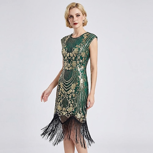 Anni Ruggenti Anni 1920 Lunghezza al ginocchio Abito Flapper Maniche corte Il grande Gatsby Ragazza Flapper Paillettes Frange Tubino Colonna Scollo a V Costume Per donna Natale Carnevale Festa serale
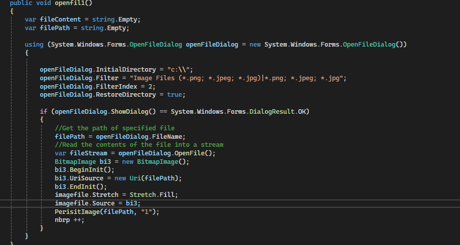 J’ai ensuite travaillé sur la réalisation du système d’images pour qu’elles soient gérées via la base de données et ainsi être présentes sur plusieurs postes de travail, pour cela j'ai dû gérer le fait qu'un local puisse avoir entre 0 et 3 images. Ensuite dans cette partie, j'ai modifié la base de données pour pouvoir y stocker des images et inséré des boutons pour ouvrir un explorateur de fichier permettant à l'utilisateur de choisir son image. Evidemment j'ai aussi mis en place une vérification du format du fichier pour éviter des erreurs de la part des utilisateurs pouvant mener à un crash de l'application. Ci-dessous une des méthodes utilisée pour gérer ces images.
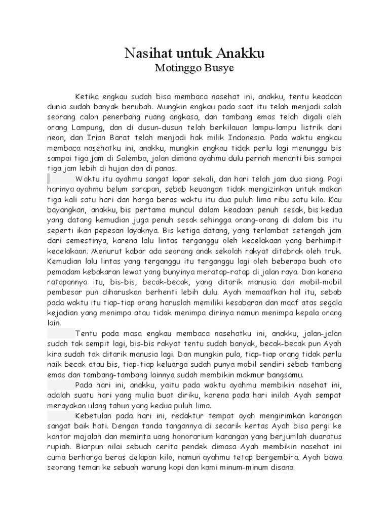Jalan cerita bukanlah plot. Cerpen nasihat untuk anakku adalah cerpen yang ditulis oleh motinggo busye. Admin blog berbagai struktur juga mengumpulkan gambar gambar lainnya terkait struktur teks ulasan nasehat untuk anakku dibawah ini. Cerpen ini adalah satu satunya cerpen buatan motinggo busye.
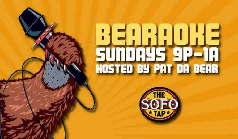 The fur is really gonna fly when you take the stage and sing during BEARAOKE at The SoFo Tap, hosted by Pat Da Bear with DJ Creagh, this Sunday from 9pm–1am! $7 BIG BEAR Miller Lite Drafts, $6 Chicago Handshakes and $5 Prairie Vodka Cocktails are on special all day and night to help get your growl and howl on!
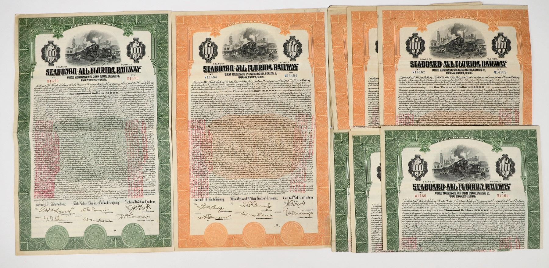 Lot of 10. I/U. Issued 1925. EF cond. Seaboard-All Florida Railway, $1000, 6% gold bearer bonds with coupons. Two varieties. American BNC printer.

----------------

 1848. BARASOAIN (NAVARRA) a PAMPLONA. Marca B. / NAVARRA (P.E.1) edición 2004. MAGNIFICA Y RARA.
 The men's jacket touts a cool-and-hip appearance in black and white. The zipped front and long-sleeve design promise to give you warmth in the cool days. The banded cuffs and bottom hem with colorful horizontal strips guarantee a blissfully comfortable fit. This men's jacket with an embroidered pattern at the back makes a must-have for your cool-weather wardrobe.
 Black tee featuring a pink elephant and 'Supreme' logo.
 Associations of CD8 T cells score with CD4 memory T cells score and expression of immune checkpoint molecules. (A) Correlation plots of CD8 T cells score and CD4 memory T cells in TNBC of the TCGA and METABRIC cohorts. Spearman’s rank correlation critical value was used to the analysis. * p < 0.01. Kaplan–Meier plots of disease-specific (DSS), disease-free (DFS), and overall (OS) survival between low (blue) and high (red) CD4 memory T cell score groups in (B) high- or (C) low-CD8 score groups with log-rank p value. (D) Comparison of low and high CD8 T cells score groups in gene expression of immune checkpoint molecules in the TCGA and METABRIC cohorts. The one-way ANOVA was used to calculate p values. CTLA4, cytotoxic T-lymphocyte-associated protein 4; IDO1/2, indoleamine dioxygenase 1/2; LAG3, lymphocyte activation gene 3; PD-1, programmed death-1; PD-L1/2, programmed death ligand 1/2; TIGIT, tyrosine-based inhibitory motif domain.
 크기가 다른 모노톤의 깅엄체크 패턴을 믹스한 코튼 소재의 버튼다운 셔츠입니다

----------------

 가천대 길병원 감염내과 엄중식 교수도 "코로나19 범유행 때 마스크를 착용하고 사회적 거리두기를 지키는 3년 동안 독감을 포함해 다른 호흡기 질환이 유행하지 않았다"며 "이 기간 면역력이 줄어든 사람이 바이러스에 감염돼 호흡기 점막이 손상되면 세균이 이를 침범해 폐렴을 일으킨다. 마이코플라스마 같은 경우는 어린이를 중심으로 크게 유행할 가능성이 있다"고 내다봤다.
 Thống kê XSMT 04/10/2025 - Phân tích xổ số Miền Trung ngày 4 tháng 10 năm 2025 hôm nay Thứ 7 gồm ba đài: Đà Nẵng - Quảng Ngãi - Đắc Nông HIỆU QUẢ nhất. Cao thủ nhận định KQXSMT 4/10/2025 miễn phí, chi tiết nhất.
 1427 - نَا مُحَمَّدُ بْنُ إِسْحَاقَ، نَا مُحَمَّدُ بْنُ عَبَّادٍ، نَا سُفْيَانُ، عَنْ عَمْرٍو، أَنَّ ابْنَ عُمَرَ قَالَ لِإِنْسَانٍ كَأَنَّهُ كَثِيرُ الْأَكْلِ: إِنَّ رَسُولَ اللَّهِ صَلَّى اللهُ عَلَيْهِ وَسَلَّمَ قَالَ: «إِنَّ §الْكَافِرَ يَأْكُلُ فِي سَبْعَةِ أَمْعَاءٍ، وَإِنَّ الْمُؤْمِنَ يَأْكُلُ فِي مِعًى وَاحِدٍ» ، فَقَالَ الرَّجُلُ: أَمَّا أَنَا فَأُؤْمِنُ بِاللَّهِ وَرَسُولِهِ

----------------

Problem to solve: Return exactly the part of the listing above that opens with the line containing "Anni Ruggenti Anni" and closes with the line containing "Lot of 10. I/U.". Pictures stay out.

Response area:
 Anni Ruggenti Anni 1920 Lunghezza al ginocchio Abito Flapper Maniche corte Il grande Gatsby Ragazza Flapper Paillettes Frange Tubino Colonna Scollo a V Costume Per donna Natale Carnevale Festa serale
 J’ai ensuite travaillé sur la réalisation du système d’images pour qu’elles soient gérées via la base de données et ainsi être présentes sur plusieurs postes de travail, pour cela j'ai dû gérer le fait qu'un local puisse avoir entre 0 et 3 images. Ensuite dans cette partie, j'ai modifié la base de données pour pouvoir y stocker des images et inséré des boutons pour ouvrir un explorateur de fichier permettant à l'utilisateur de choisir son image. Evidemment j'ai aussi mis en place une vérification du format du fichier pour éviter des erreurs de la part des utilisateurs pouvant mener à un crash de l'application. Ci-dessous une des méthodes utilisée pour gérer ces images.
Jalan cerita bukanlah plot. Cerpen nasihat untuk anakku adalah cerpen yang ditulis oleh motinggo busye. Admin blog berbagai struktur juga mengumpulkan gambar gambar lainnya terkait struktur teks ulasan nasehat untuk anakku dibawah ini. Cerpen ini adalah satu satunya cerpen buatan motinggo busye.
 The fur is really gonna fly when you take the stage and sing during BEARAOKE at The SoFo Tap, hosted by Pat Da Bear with DJ Creagh, this Sunday from 9pm–1am! $7 BIG BEAR Miller Lite Drafts, $6 Chicago Handshakes and $5 Prairie Vodka Cocktails are on special all day and night to help get your growl and howl on!
 Lot of 10. I/U. Issued 1925. EF cond. Seaboard-All Florida Railway, $1000, 6% gold bearer bonds with coupons. Two varieties. American BNC printer.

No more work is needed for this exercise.